§ **The problem**: Using the listing below, set down exactly the lines from the one that contains "她的丈夫平鑫涛尽管已经去世5年,他的遗嘱仍然被扒了出来引起广泛的关注。" through the one that contains "게더타운 내의 ‘안랩월드’에는", with no pictures.

§ **Information**:
■ ■ ■
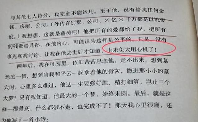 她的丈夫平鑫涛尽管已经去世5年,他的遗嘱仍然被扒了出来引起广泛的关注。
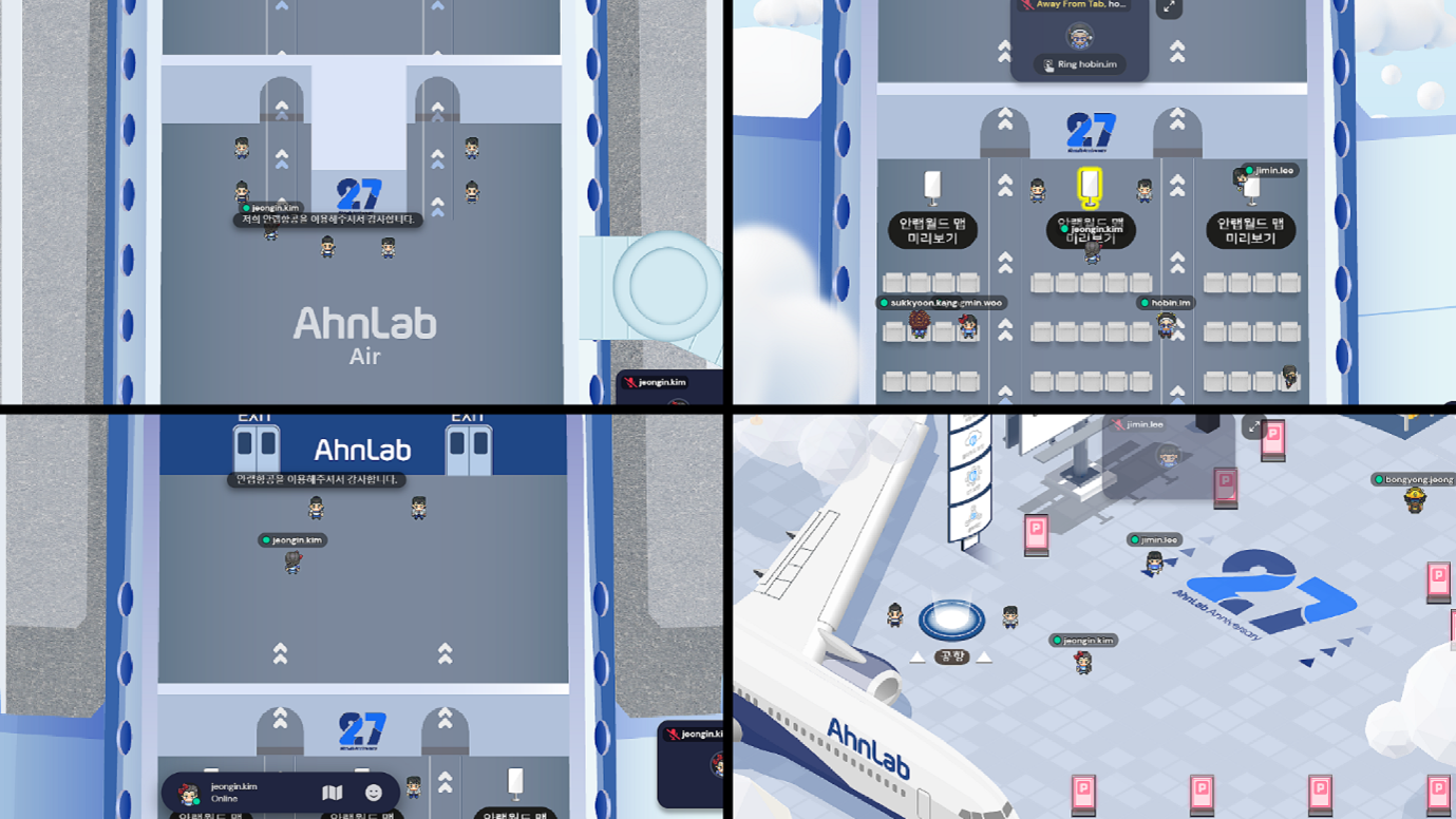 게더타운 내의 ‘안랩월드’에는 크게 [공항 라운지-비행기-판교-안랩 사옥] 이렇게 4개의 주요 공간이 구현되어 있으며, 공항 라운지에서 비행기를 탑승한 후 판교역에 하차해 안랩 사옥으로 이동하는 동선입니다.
■ ■ ■
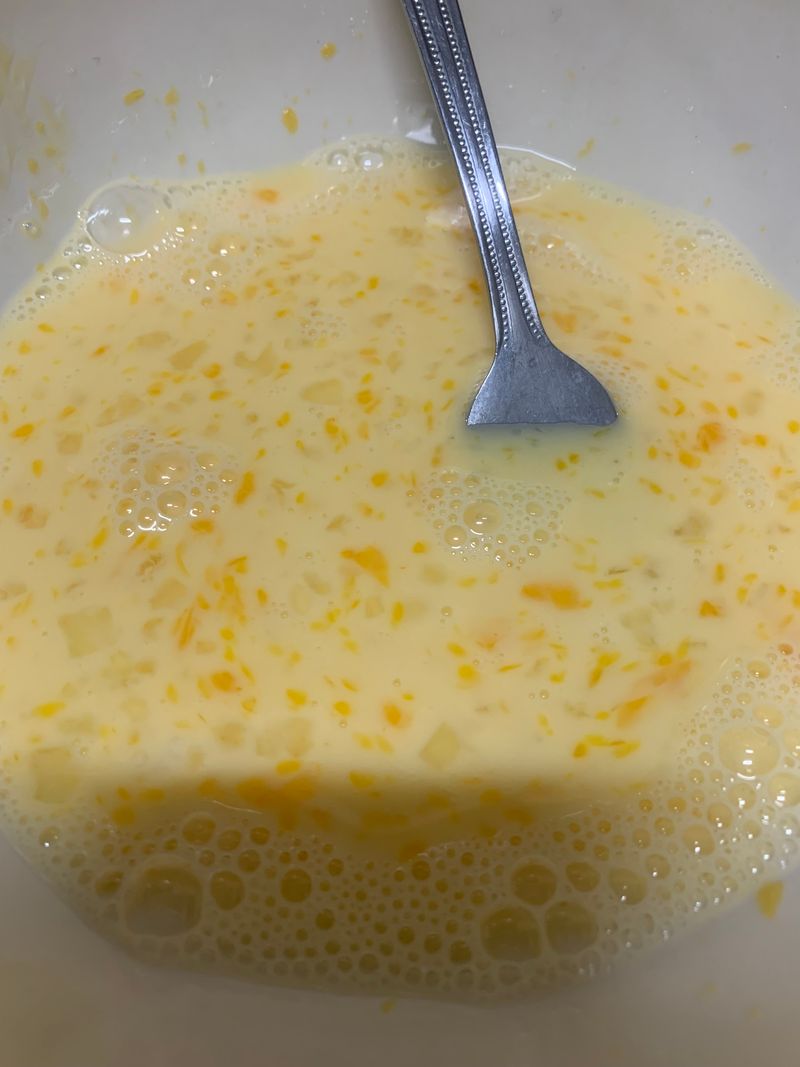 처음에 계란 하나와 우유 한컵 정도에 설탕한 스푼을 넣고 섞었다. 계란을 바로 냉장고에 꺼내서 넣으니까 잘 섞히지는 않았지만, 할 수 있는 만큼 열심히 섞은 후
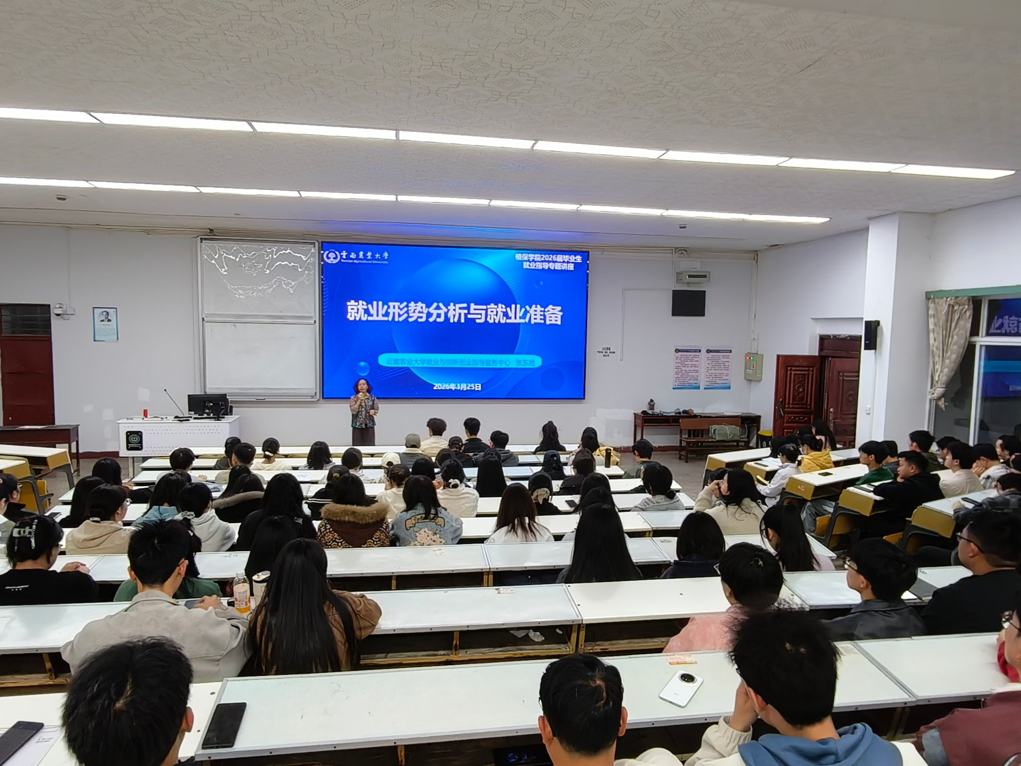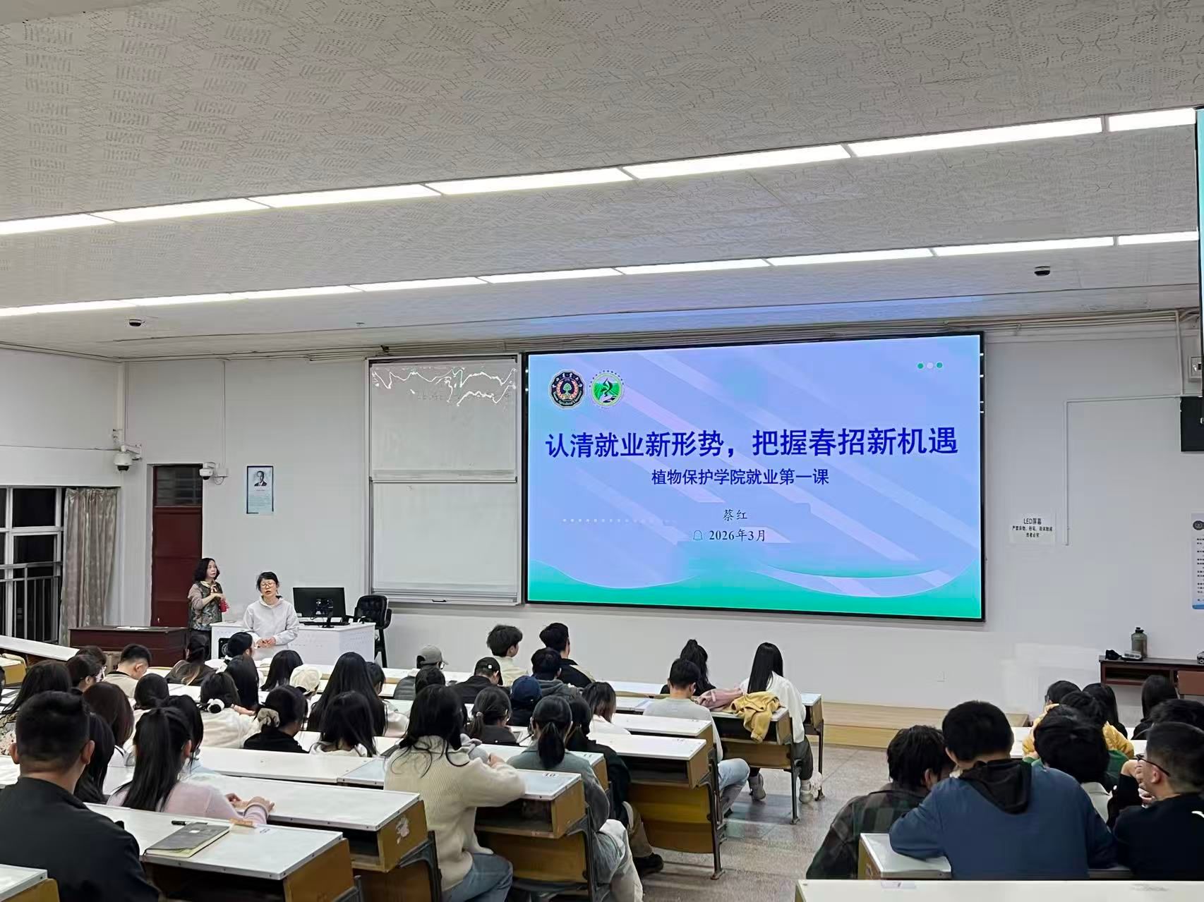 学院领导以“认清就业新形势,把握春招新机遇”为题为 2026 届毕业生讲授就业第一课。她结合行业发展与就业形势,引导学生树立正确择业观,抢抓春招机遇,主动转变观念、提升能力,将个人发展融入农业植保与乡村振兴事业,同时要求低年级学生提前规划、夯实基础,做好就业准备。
■ ■ ■
§ **Your response**:
 她的丈夫平鑫涛尽管已经去世5年,他的遗嘱仍然被扒了出来引起广泛的关注。
 게더타운 내의 ‘안랩월드’에는 크게 [공항 라운지-비행기-판교-안랩 사옥] 이렇게 4개의 주요 공간이 구현되어 있으며, 공항 라운지에서 비행기를 탑승한 후 판교역에 하차해 안랩 사옥으로 이동하는 동선입니다.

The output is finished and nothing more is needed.